As for EAA, hepatocytes are known to have unique limitations in their amino acid catabolic pathways; for instance, they have no or only weak branched-chain amino acid aminotransferase activities (43). In addition, lysine, the most abundant ketogenic amino acid, is oxidized only in the mitochondrial matrix (44) and is expected to compete with FFA oxidation. Of course, our present data and the previously reported studies are not enough to explain differences in the efficacy of each amino acid, but it is highly likely that the anaplerotic flux partitioning of amino acids into the CAC could be an important factor.

To investigate the contribution of palmitate oxidation to central pathways, we also employed metabolic flux analysis using ¹³C₁₆ palmitate in H4IIEC3 cells (data not shown). Only a very small amount of labeling, however, was detected in CAC intermediates, indicating that the oxidation of extracellular palmitate was not a major contributor to the enhanced CAC fluxes we observed. On the contrary, our data indicate that the effects of palmitate to increase CAC activity are mediated primarily through increased anaplerotic flux from glutamine. This lends further support to the hypothesis that differences in anaplerotic metabolism may be a key factor behind the ability of certain classes of amino acids to modulate lipotoxicity in different ways. In addition, isotopic exchange from α-ketoglutarate to glutamate and from malate to aspartate was significantly lower in both PA- and PA/OA-cells. This indicates that FFA treatments could reduce glutamate and aspartate exchange pathways, such as the aspartate/malate shuttle. Therefore, the consequences of reduced aspartate/malate shuttling to alter cytosolic NAD⁺/NADH might be another possible explanation for the observed effects of amino acid availability.

Ceramide synthesis inhibitors had no effect on palmitate-induced ROS generation and caspase-3/7 activation under increased levels of medium amino acids, although they completely suppressed cellular ceramide. Where NEAA loading effectively increased cellular ceramide, EAA failed to bring about a change (data not shown). This indicates that cellular ceramide is influenced by medium amino acid availability, but it is not involved in both palmitate- and amino acid-induced phenotypic changes, at least in our model. Therefore, our data suggest that palmitate toxicity can be modulated by amino acids as well as oleate, not through ceramide synthesis but possibly through activation of CAC fluxes (Fig. 10). This suggests that manipulation of dietary amino acids could be a possible way to treat NAFLD and non-alcoholic steatohepatitis.

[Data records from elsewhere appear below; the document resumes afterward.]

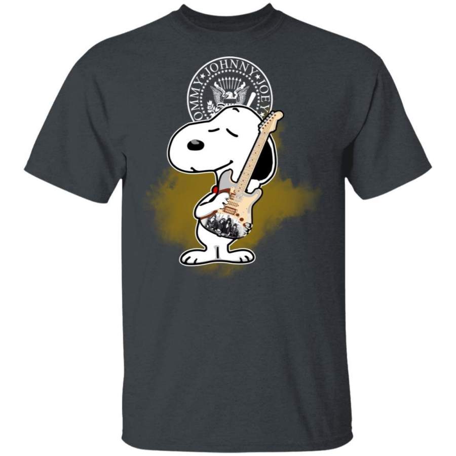 Snoopy Hugging Bass Guitar The Ramones T-shirt Rock Tee MT05
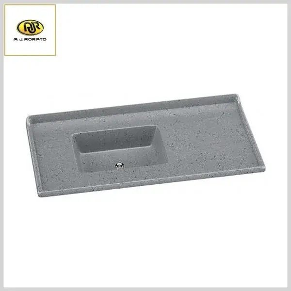 Produto em mármore sintético com espessuras reforçadas, com cobertura granitada de gel coat e com brilho e resistência incomparáveis. Superfícies mais lisas e sem porosidade, proporcionam maior higiene e fácil limpeza. O protetor de parede e suas bordas altas evitam o derramamento acidental no manuseio da água.
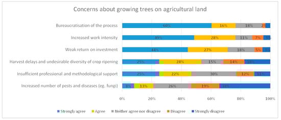 Farmers also have concerns regarding the administrative burden of the bureaucratic process of the introduction of agroforestry practices (cf. [43]). Ownership and tenancy legislation, as well as the system of subsidies, are widely perceived as significant obstacles. It is complicated for farmers farming on leased land to plant trees there. Other farmers see the threat of losing direct payment subsidies, which are still bound to tree-less areas. There is also a widely shared view that planting trees requires a long-term investment, in addition to the uncertainty as to whether seedlings will root and grow well—the farmers surmise that the positive effects of trees in the landscape will not be seen for several years or decades, if at all (see Figure 4).
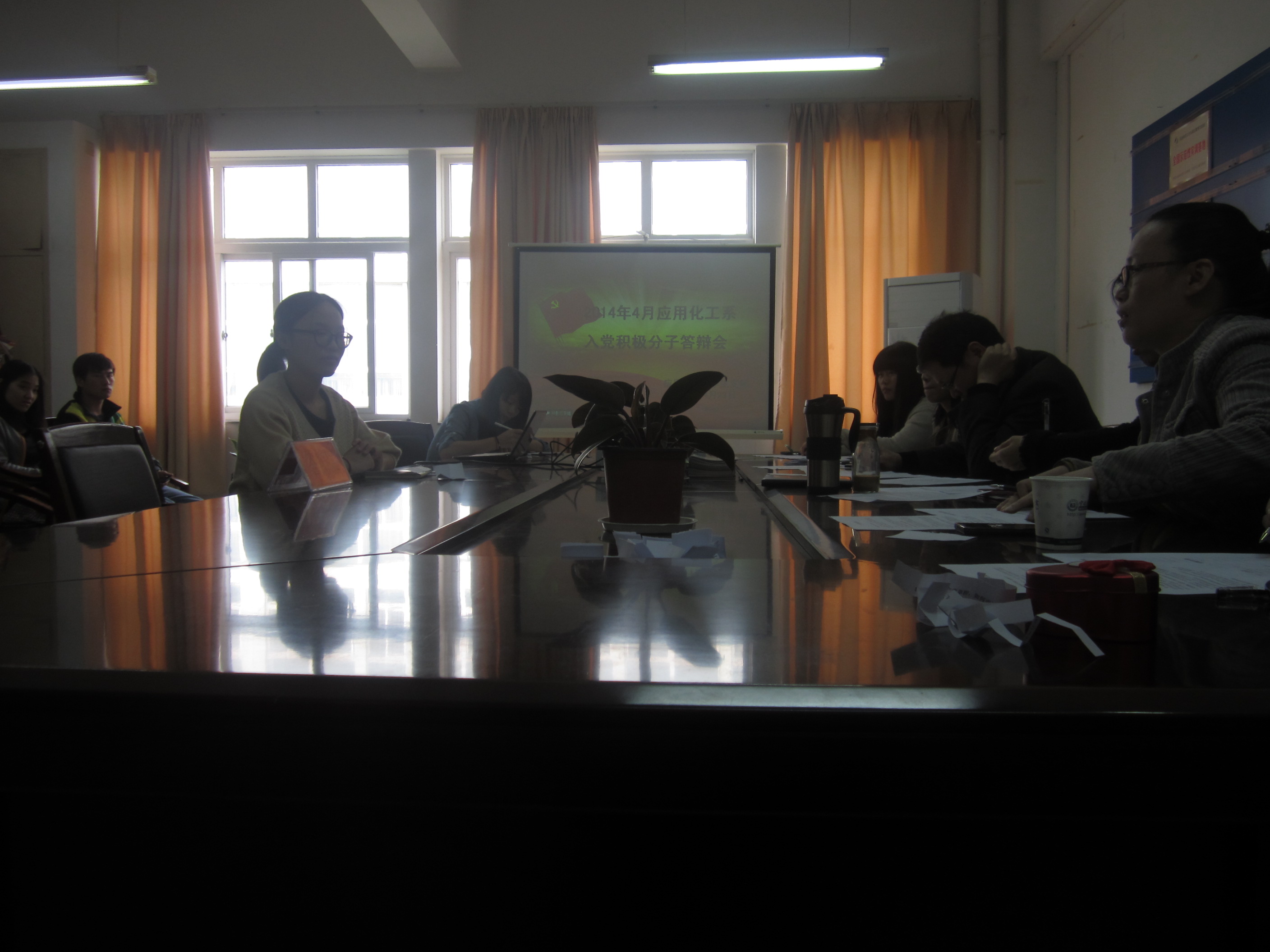 4月23日下午12:15分,2014年应用化工系入党积极分子答辩会在4号楼307会议室举行。应用化工系党总支书记徐帆,应用化工系办公室主任徐迪静,应用化工系就业指导员魏雷及化工系各班入党积极学生参加本次答辩会。会议由党总支书记徐帆老师主持。应用化工系就业指导员魏雷老师对答辩会上入党积极分子的答辩情况进行点评和总结,对开展此次答辩会的背景、目的与意义进行了充分的阐述,他强调入党答辩会是提高党员质量,提高党员自身修养的重要举措,并对要求入党积极分子,答辩会后要继续加强学习,加强党史、党的方针政策、工作中业务知识的学习等,要加强思想建设,端正自我,保持良好的生活、工作作风。
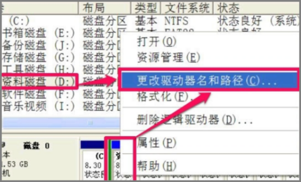 5、删除后,选择“数据盘”->右键单击->更改驱动器名称和路径。这次,选择“添加”按钮。
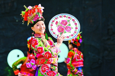 一名彝族演员在表演彝族舞蹈。 新华社发(胡超摄)
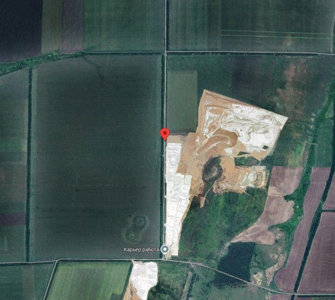 The Kotlyarivka he’s referring to is seen in the green circle below—with Novoserhiivka, which he mentions, seen just north of there, below Udachne:
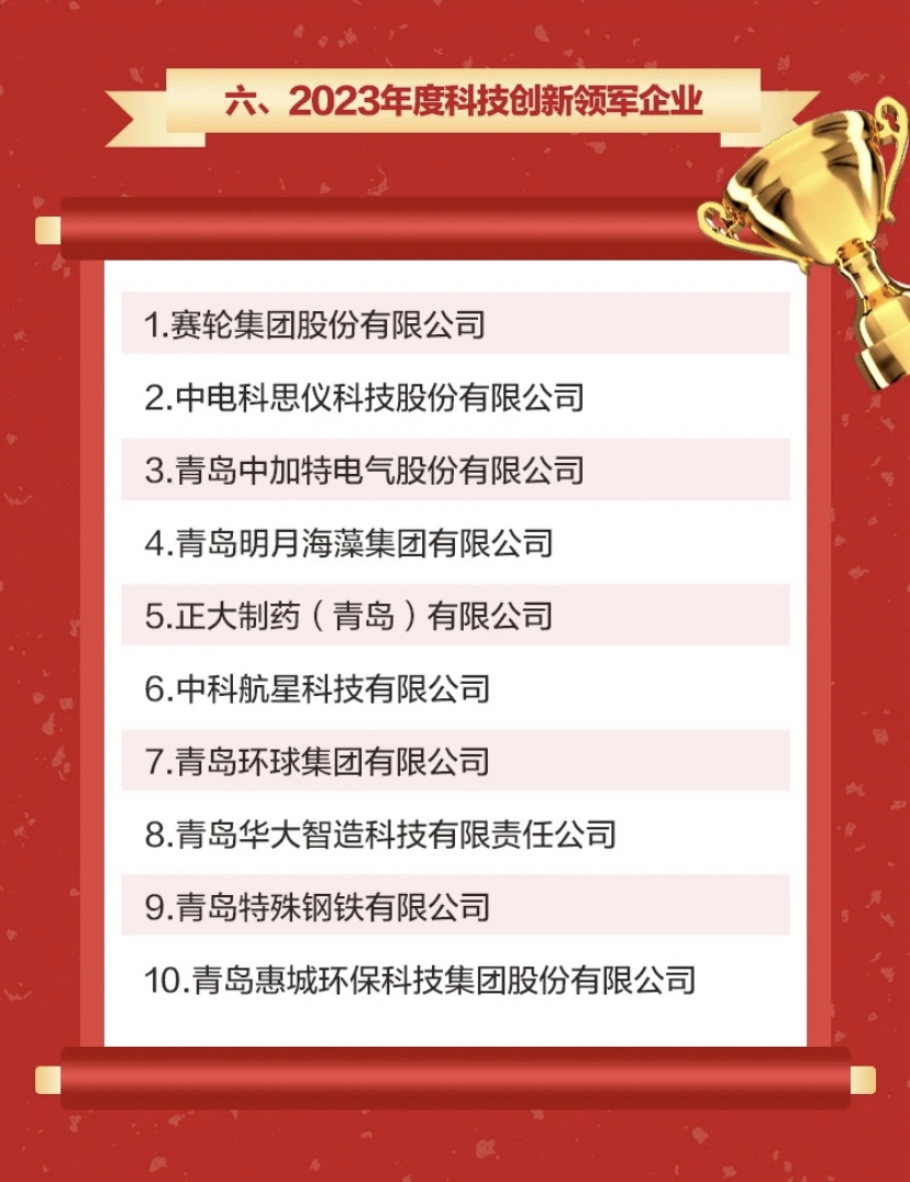 惠城環(huán)保榮獲青島西海岸新區(qū)2023年度科技創(chuàng)新領(lǐng)軍企業(yè)
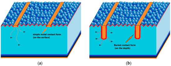 Solar cells before and after buried contact with (a) a simple metal contact form on the surface of the cell and (b) a buried metal contact form in the depth of the cell.
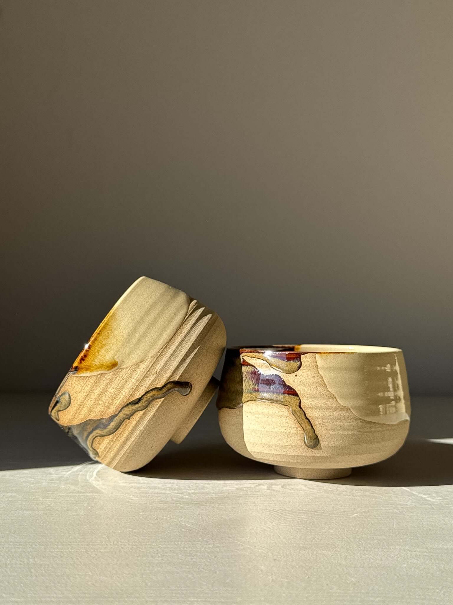 Het glazuur geeft elk kopje zijn eigen kleine verhaal. Sommige lijken op een donkere horizon, andere op zachte rivieren over klei. Het zijn eenvoudige stukken, maar elk kopje heeft een aanwezigheid die verder gaat dan alleen functie.
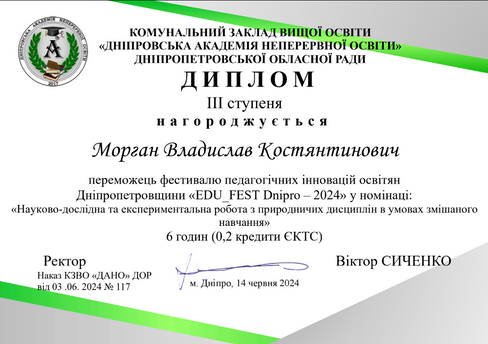 Також я став переможцем у номінації «Науково-дослідна та експериментальна робота з природничих дисциплін в умовах змішаного навчання» та учасником номінації «Дослідницько-пошукова діяльність учнів як невід’ємна складова освітнього процесу з географії». 🌍🧭
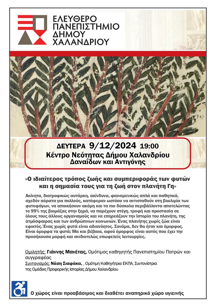 Τη Δευτέρα 9 Δεκεμβρίου 2024 και ώρα 19:00 στο Κέντρο Νεότητας (Δαναΐδων & Αντιγόνης), στο πλαίσιο των διαλέξεων του Ελεύθερου Πανεπιστημίου του Δήμου Χαλανδρίου, θα διεξαχθεί η εκδήλωση με θέμα: «Ο ιδιαίτερος τρόπος ζωής και συμπεριφοράς των φυτών και η σημασία τους για τη ζωή στον πλανήτη Γη».

Only a few metabolomic studies have been reported in mammalian cells (45). This may be due to practical difficulties surrounding sample preparation and data analysis. Our laboratory has previously developed two computational programs to facilitate metabolomic data analysis: SpectConnect for GC-MS-based metabolic profiling (26) and Metran for stable isotopic flux analysis (29). In the present study, we applied these tools for pathway analysis in lipoapoptotic cells and successfully identified phenotype-specific changes. We believe that our methods can be powerful tools for metabolic discovery in various mammalian cell models.